## Problem to work on
Transcribe the records below word for word, beginning with the first line and stopping after the line that contains "通りに面したマンションですが"; pictures are not part of the copy.

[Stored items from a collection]
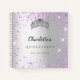Un arrière - plan métallique à l'aspect faux argenté décoré de poussière de parties scintillant violet et violet et d'une tiare. Personnalisez et ajoutez un nom et une date.
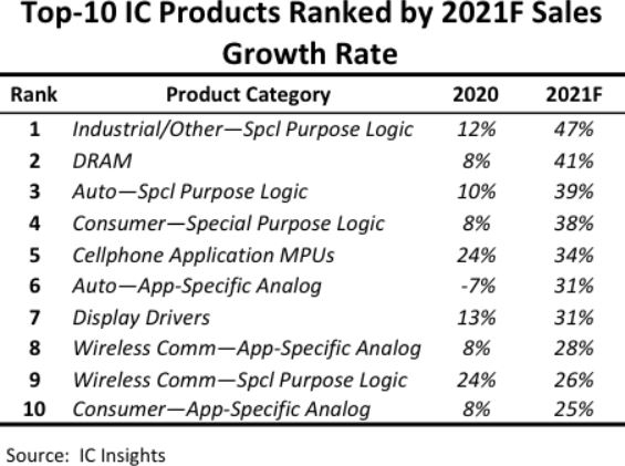 IC인사이츠는 “D램과 낸드플래시 등 메모리 반도체의 비트단위 가격 강세가 지속되고 로직 반도체와 아날로그 반도체 제품군 전망이 예상보다 나아져 전체 반도체 성장률을 상향 조정했다”고 설명했다.
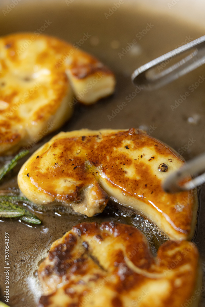 Chef's Tongs Lifting a Perfectly Seared, Golden-Crusted Foie Gras Slice from the Hot Pan, Highlighting Rich, Decadent Juiciness
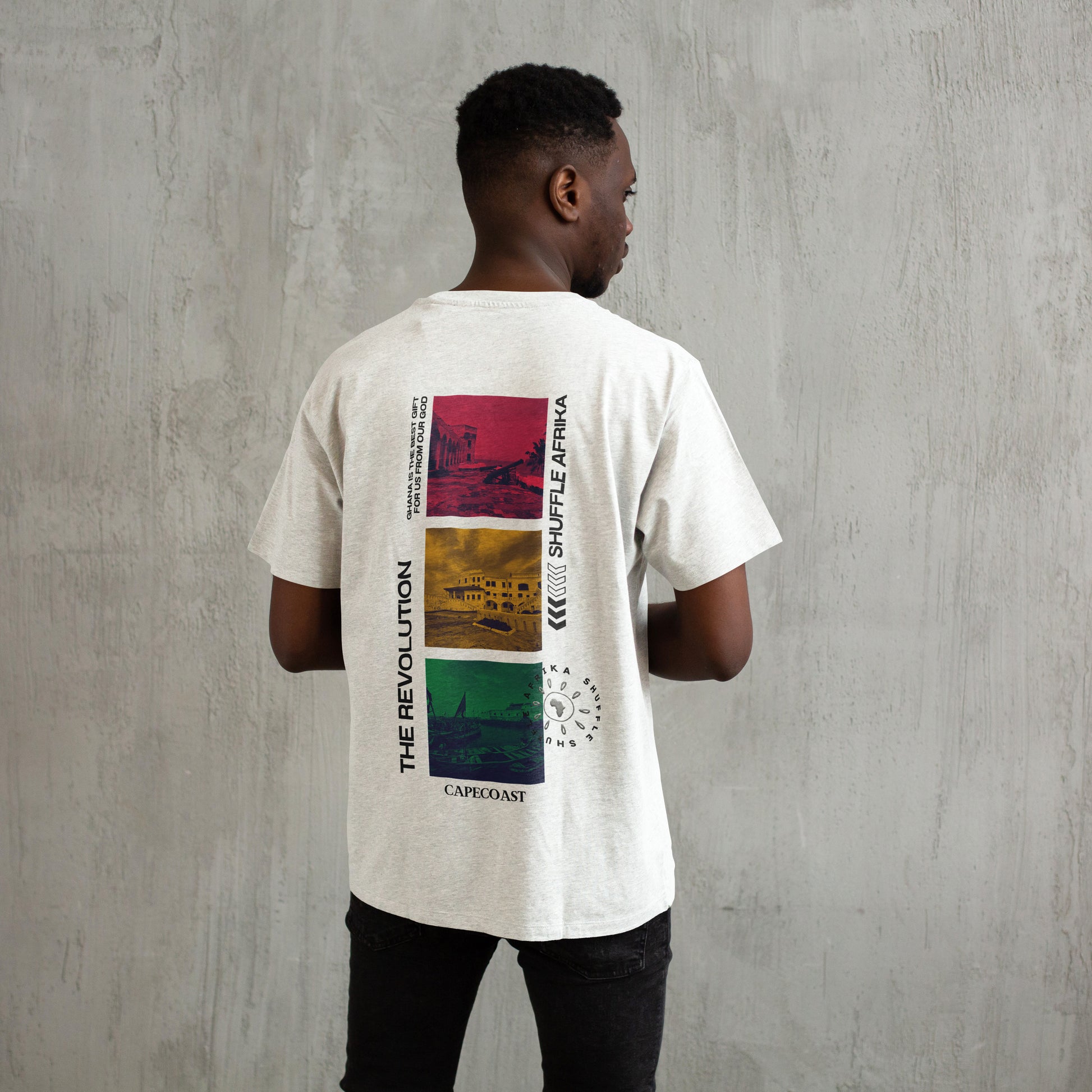 Cape Coast Revolution Wear a piece of Ghana's storied coastal heritage with this evocative shirt showcasing the iconic landscapes and historical significance of Cape Coast. Featuring carefully curated imagery of this pivotal port city, the design honors its role as a gateway to Ghana's rich past and vibrant present. The garment captures the essence of coastal beauty, cultural depth, and historical resonance that defines this UNESCO World Heritage site. Perfect for travelers, history scholars, and those with deep connections to Ghana's maritime legacy. A sophisticated choice for celebrating one of West Africa's most culturally significant destinations.
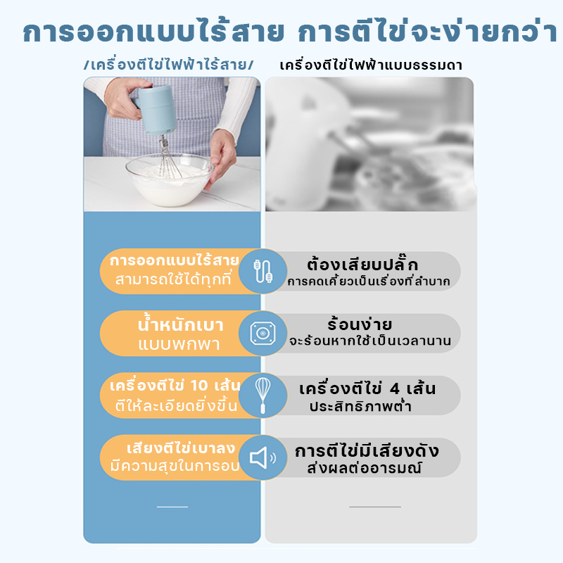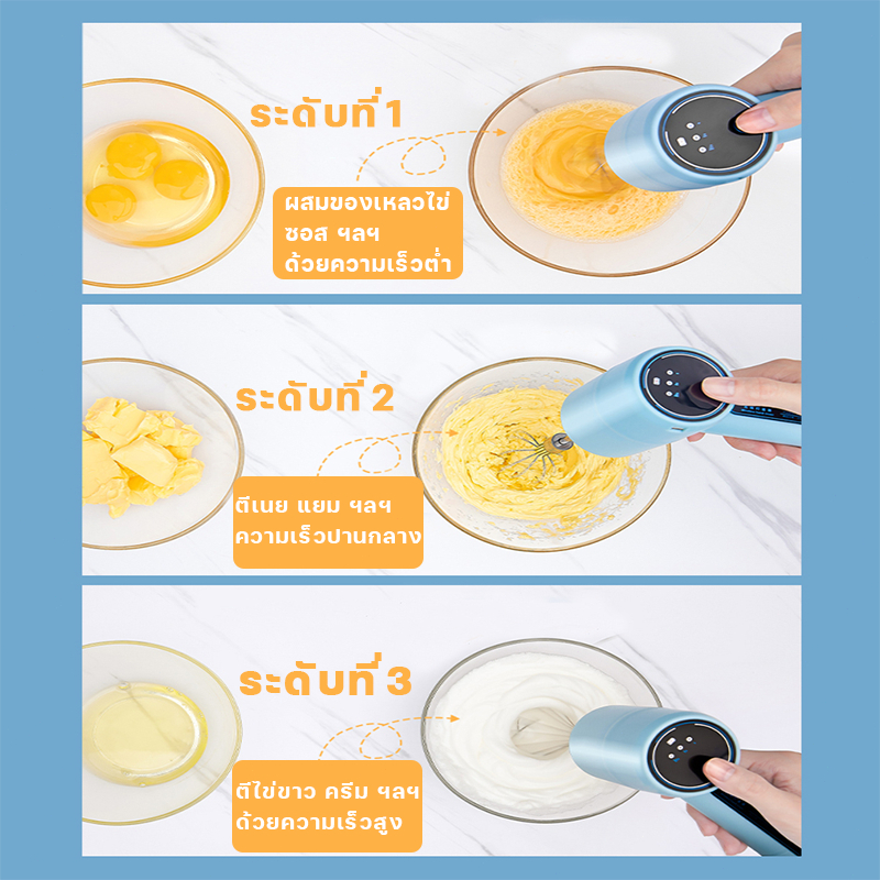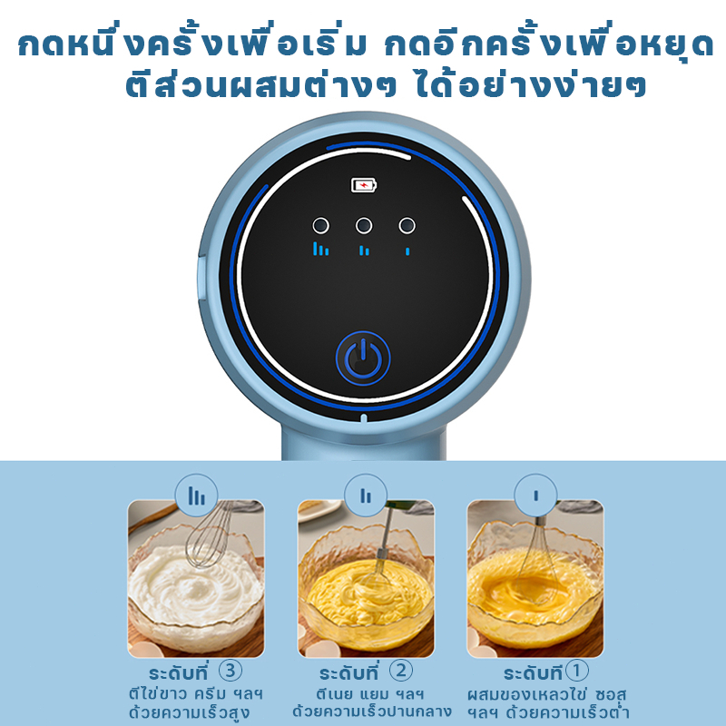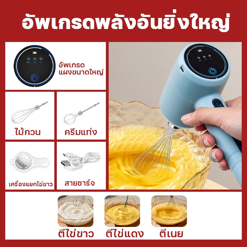 【รับประกัน 3ปี】เครื่องปั่นผสมแป้งไฟฟ้า เครื่องตีไข่ไร้สาย เครื่องตีไข่ วิปครีม ผสมอาหาร Egg Mixers USB
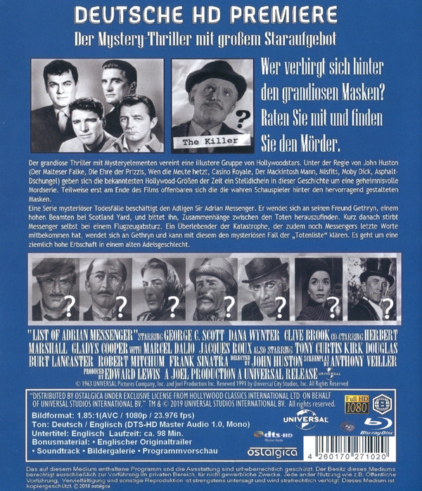 Der grandiose Thriller mit Mysteryelementen vereint eine illustere Gruppe von Hollywoodstars. Unter der Regie von John Huston geben sich die bekanntesten Hollywood-Größen der Zeit ein Stelldichein in dieser Geschichte um eine geheimnisvolle Mordserie.
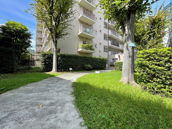 通りに面したマンションですが、アプローチが奥まった造りになっておりマンション内のプライベート性を高めています。駐車場はマンション内の中庭部分に。屋根がないのは気になりますが、帰ってきてすぐにお車を止めることができる快適さは魅力的と言えますよ♪
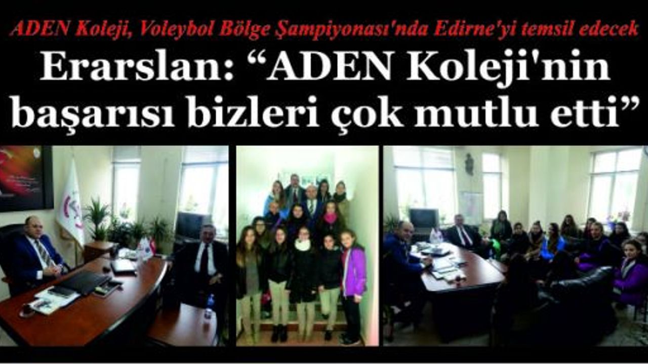 ADEN Koleji Genel Koordinatörü Ömer Alper Tunga Yaşar, Beden Eğitimi Öğretmeni Ayşe Kızılin ve voleybol takımı öğrencileri, 13 Şubat 2014 Cuma günü Keşan İlçe Milli Eğitim Müdürü İlker Erarslan’ı makamında ziyaret etti.

## Answer to this exercise
Un arrière - plan métallique à l'aspect faux argenté décoré de poussière de parties scintillant violet et violet et d'une tiare. Personnalisez et ajoutez un nom et une date.
 IC인사이츠는 “D램과 낸드플래시 등 메모리 반도체의 비트단위 가격 강세가 지속되고 로직 반도체와 아날로그 반도체 제품군 전망이 예상보다 나아져 전체 반도체 성장률을 상향 조정했다”고 설명했다.
 Chef's Tongs Lifting a Perfectly Seared, Golden-Crusted Foie Gras Slice from the Hot Pan, Highlighting Rich, Decadent Juiciness
 Cape Coast Revolution Wear a piece of Ghana's storied coastal heritage with this evocative shirt showcasing the iconic landscapes and historical significance of Cape Coast. Featuring carefully curated imagery of this pivotal port city, the design honors its role as a gateway to Ghana's rich past and vibrant present. The garment captures the essence of coastal beauty, cultural depth, and historical resonance that defines this UNESCO World Heritage site. Perfect for travelers, history scholars, and those with deep connections to Ghana's maritime legacy. A sophisticated choice for celebrating one of West Africa's most culturally significant destinations.
 【รับประกัน 3ปี】เครื่องปั่นผสมแป้งไฟฟ้า เครื่องตีไข่ไร้สาย เครื่องตีไข่ วิปครีม ผสมอาหาร Egg Mixers USB
 Der grandiose Thriller mit Mysteryelementen vereint eine illustere Gruppe von Hollywoodstars. Unter der Regie von John Huston geben sich die bekanntesten Hollywood-Größen der Zeit ein Stelldichein in dieser Geschichte um eine geheimnisvolle Mordserie.
 通りに面したマンションですが、アプローチが奥まった造りになっておりマンション内のプライベート性を高めています。駐車場はマンション内の中庭部分に。屋根がないのは気になりますが、帰ってきてすぐにお車を止めることができる快適さは魅力的と言えますよ♪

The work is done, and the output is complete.